WHAT YOU SHOULD DO.
Nothing but the pictures should be dropped; repeat the rest of the data below exactly.

DATA PROVIDED.
+ + + +

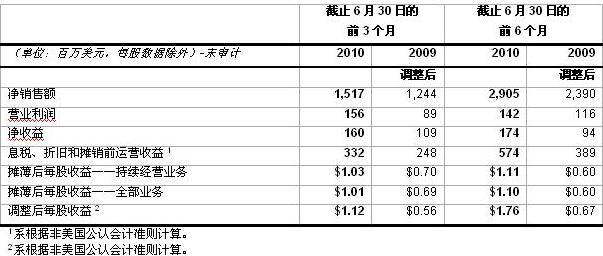 2010年第二季度調整后每股收益為1.12美元,而上年同期為0.56美元。本季度調整后每股收益計算所使用的有效稅率和攤薄股權數量分別為20%和1.584億股。2010年第二季度的息稅、折舊和攤銷前運營收益為3.32億美元,而去年同期為2.48億美元。調整后每股收益及息稅、折舊和攤銷前運營收益不含300萬美元來自其他費用和其他調整項的凈利潤。
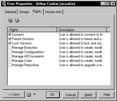 A repository administrator is responsible for granting the rights to the repository users and groups. The same types of rights can be assigned to groups and users.
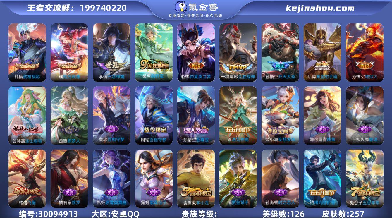 LGW1291【2典藏2星元7传说弑枪猎影时光映像幽冥火金色仲夏夜至尊宝】安卓Q-V7-126英雄-257皮肤2典藏7传说-(可二次)【典藏】 拾光映像 弑枪猎影 【2星传说】幽冥火 金色仲夏夜【传说】 鸣野蒿 齐天大圣 地狱火 久胜战神 一念神魔 黄金射手座 仲夏夜之梦 【热门】涂山容容 至尊宝 飞衡 冰冠公主 原初追逐者 梁祝 织梦人 黄忠百相守梦 星界特工 燃音魔法 电玩爆裂旋风 遇见神鹿 原初探秘者 李小龙 水晶猎龙者 暗隐猎兽者 猫狗日记男 猫狗日记女 金属风暴 地狱岩魂 热力回旋 特工魅影 曙光守护者 特工战影 女武神 蔷薇恋人 黄金分割率 舞动绿茵 妄想食味 逐浪之夏 心灵战警 修罗 晚萤 魅语 白龙吟 紫霞仙子 功夫厨神 心灵骇客 圣诞恋歌 幽灵船长 乘风破浪 圣诞狂欢 末日机甲男 星夜王子 赏金猎手 节奏热浪 天才门将 时之恋人女 暗夜贵公子 街头霸王 箭羽风息 乐园奇幻夜 月团寄思 摇滚巨星 鬼剑武藏 冰雪圆舞曲 花好人间 醍醐杖 万华元夜 东方不败 克喵 演武夺筹 群星魔术团程咬金 驱傩正仪 未来纪元赵云 千军破阵 拳王 沙漠行僧 女仆咖啡 金庭之子 大漠名商 敏锐之力 云中旅人 丁香结 海盐诗旅 皇家上将 擒涛扼浪 魅力维加斯 探海日志 水果甜心 古海寻踪 天穹祈灯 高山流水 星界游侠 江河有灵 纤云弄巧 游园惊梦 五谷丰年 乱世虎臣 鹰眼统帅 魔术师 -营地ID:1835068476
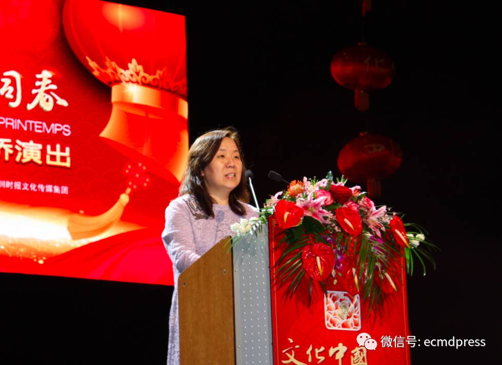 李国红团长登台发表了热情洋溢的讲话。作为国务院侨办副司长的她,诚挚地为法国华侨华人送上了美好的新春祝福!她说,春节是中华民族最隆重热烈的节日,蕴含了海外华侨华人对团圆、喜庆、和平、幸福的美好期盼!

+ + + +

SOLUTION FOR THIS PROBLEM.
 2010年第二季度調整后每股收益為1.12美元,而上年同期為0.56美元。本季度調整后每股收益計算所使用的有效稅率和攤薄股權數量分別為20%和1.584億股。2010年第二季度的息稅、折舊和攤銷前運營收益為3.32億美元,而去年同期為2.48億美元。調整后每股收益及息稅、折舊和攤銷前運營收益不含300萬美元來自其他費用和其他調整項的凈利潤。
 A repository administrator is responsible for granting the rights to the repository users and groups. The same types of rights can be assigned to groups and users.
 LGW1291【2典藏2星元7传说弑枪猎影时光映像幽冥火金色仲夏夜至尊宝】安卓Q-V7-126英雄-257皮肤2典藏7传说-(可二次)【典藏】 拾光映像 弑枪猎影 【2星传说】幽冥火 金色仲夏夜【传说】 鸣野蒿 齐天大圣 地狱火 久胜战神 一念神魔 黄金射手座 仲夏夜之梦 【热门】涂山容容 至尊宝 飞衡 冰冠公主 原初追逐者 梁祝 织梦人 黄忠百相守梦 星界特工 燃音魔法 电玩爆裂旋风 遇见神鹿 原初探秘者 李小龙 水晶猎龙者 暗隐猎兽者 猫狗日记男 猫狗日记女 金属风暴 地狱岩魂 热力回旋 特工魅影 曙光守护者 特工战影 女武神 蔷薇恋人 黄金分割率 舞动绿茵 妄想食味 逐浪之夏 心灵战警 修罗 晚萤 魅语 白龙吟 紫霞仙子 功夫厨神 心灵骇客 圣诞恋歌 幽灵船长 乘风破浪 圣诞狂欢 末日机甲男 星夜王子 赏金猎手 节奏热浪 天才门将 时之恋人女 暗夜贵公子 街头霸王 箭羽风息 乐园奇幻夜 月团寄思 摇滚巨星 鬼剑武藏 冰雪圆舞曲 花好人间 醍醐杖 万华元夜 东方不败 克喵 演武夺筹 群星魔术团程咬金 驱傩正仪 未来纪元赵云 千军破阵 拳王 沙漠行僧 女仆咖啡 金庭之子 大漠名商 敏锐之力 云中旅人 丁香结 海盐诗旅 皇家上将 擒涛扼浪 魅力维加斯 探海日志 水果甜心 古海寻踪 天穹祈灯 高山流水 星界游侠 江河有灵 纤云弄巧 游园惊梦 五谷丰年 乱世虎臣 鹰眼统帅 魔术师 -营地ID:1835068476
 李国红团长登台发表了热情洋溢的讲话。作为国务院侨办副司长的她,诚挚地为法国华侨华人送上了美好的新春祝福!她说,春节是中华民族最隆重热烈的节日,蕴含了海外华侨华人对团圆、喜庆、和平、幸福的美好期盼!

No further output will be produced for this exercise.